> **Task instructions**
Exact transcription with no images: write out all of the entries below.

> **Given records**
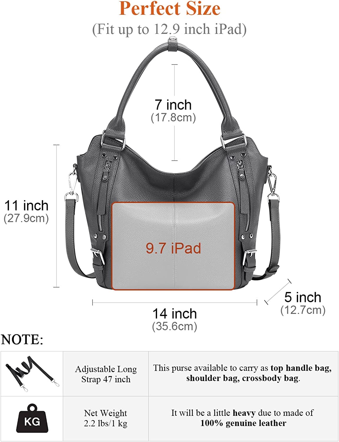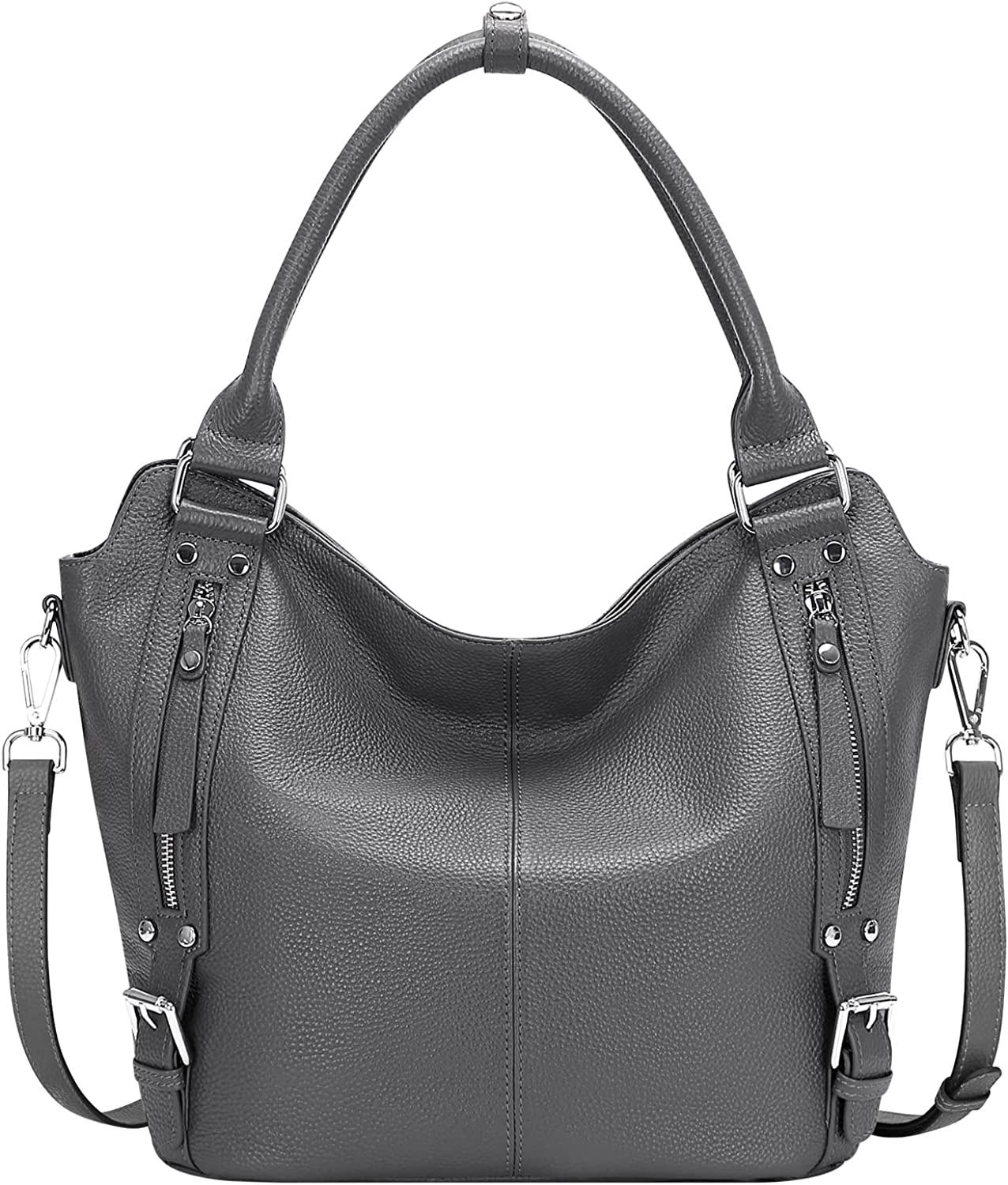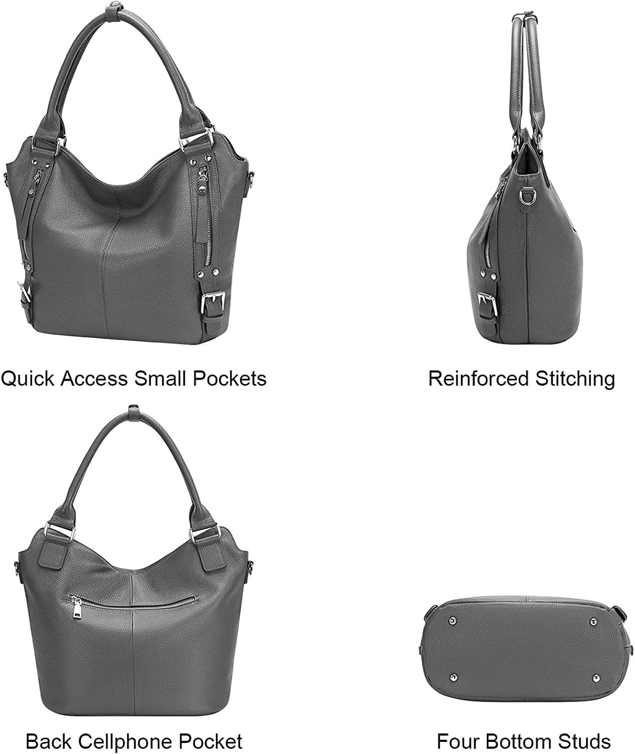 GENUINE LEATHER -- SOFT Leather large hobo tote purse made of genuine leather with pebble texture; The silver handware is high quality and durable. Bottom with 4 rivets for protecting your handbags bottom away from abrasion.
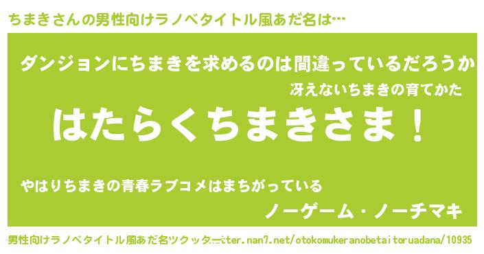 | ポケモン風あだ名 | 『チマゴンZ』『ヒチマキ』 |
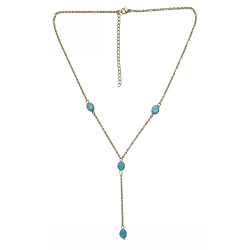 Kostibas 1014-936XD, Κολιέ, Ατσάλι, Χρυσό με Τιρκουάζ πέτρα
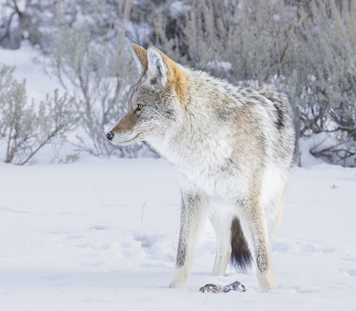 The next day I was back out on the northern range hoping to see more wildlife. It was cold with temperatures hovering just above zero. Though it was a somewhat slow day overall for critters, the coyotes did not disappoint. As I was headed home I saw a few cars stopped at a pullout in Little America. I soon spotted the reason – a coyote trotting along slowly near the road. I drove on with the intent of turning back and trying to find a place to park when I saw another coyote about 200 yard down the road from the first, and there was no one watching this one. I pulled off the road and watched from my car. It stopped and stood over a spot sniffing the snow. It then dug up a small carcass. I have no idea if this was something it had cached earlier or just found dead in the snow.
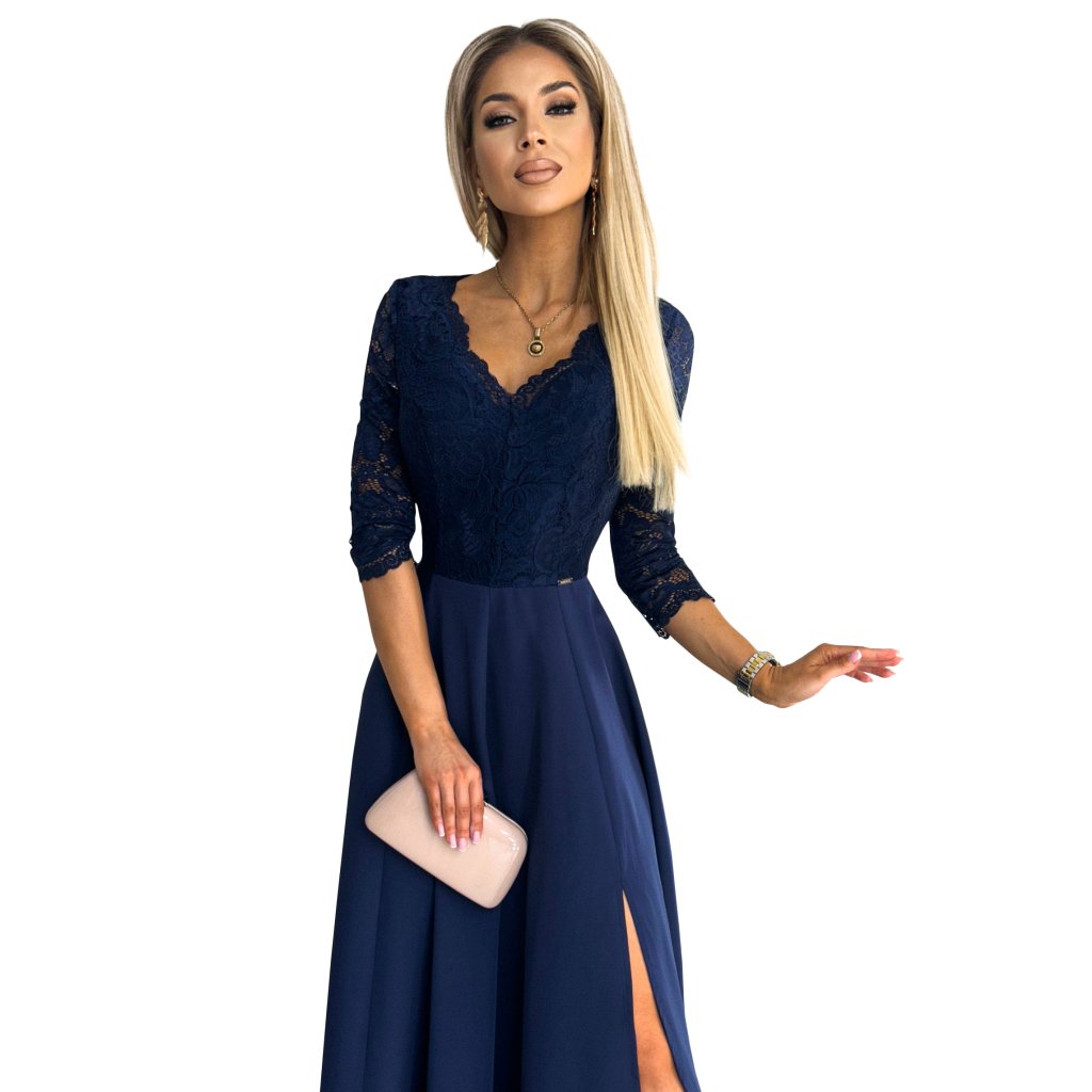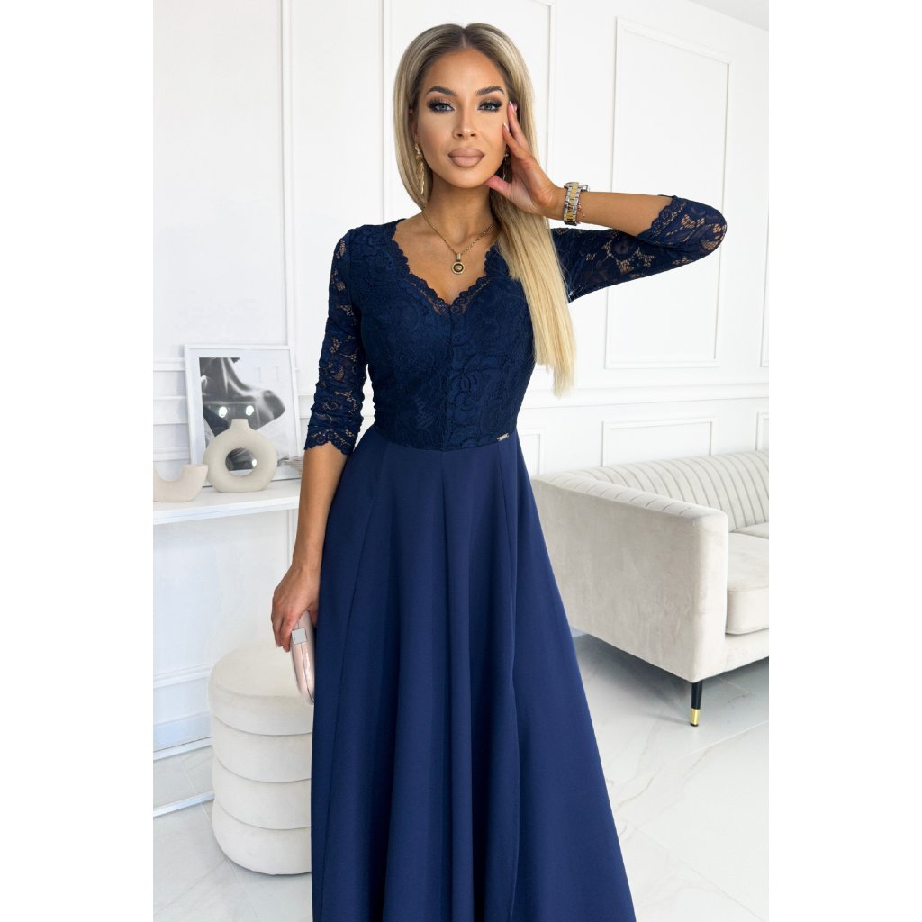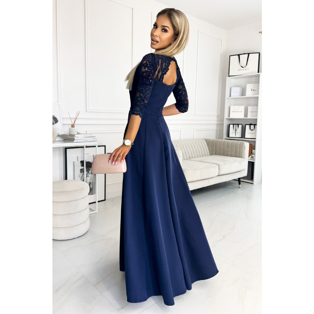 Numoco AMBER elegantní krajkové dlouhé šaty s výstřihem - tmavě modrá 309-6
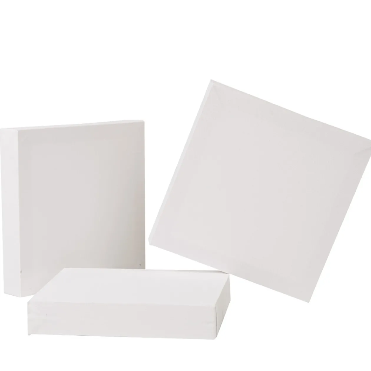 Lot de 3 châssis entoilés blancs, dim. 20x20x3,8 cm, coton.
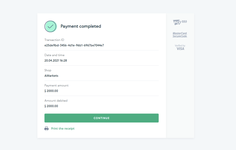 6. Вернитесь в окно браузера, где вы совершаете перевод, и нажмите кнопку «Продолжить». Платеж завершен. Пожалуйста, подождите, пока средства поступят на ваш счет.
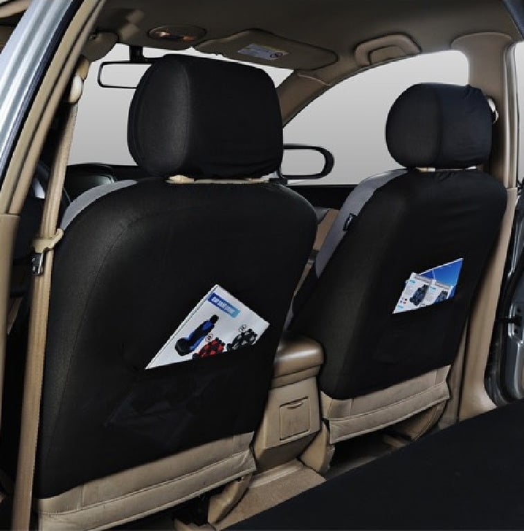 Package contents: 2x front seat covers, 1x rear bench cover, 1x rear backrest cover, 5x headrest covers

> **Result for this exercise**
 GENUINE LEATHER -- SOFT Leather large hobo tote purse made of genuine leather with pebble texture; The silver handware is high quality and durable. Bottom with 4 rivets for protecting your handbags bottom away from abrasion.
 | ポケモン風あだ名 | 『チマゴンZ』『ヒチマキ』 |
 Kostibas 1014-936XD, Κολιέ, Ατσάλι, Χρυσό με Τιρκουάζ πέτρα
 The next day I was back out on the northern range hoping to see more wildlife. It was cold with temperatures hovering just above zero. Though it was a somewhat slow day overall for critters, the coyotes did not disappoint. As I was headed home I saw a few cars stopped at a pullout in Little America. I soon spotted the reason – a coyote trotting along slowly near the road. I drove on with the intent of turning back and trying to find a place to park when I saw another coyote about 200 yard down the road from the first, and there was no one watching this one. I pulled off the road and watched from my car. It stopped and stood over a spot sniffing the snow. It then dug up a small carcass. I have no idea if this was something it had cached earlier or just found dead in the snow.
 Numoco AMBER elegantní krajkové dlouhé šaty s výstřihem - tmavě modrá 309-6
 Lot de 3 châssis entoilés blancs, dim. 20x20x3,8 cm, coton.
 6. Вернитесь в окно браузера, где вы совершаете перевод, и нажмите кнопку «Продолжить». Платеж завершен. Пожалуйста, подождите, пока средства поступят на ваш счет.
 Package contents: 2x front seat covers, 1x rear bench cover, 1x rear backrest cover, 5x headrest covers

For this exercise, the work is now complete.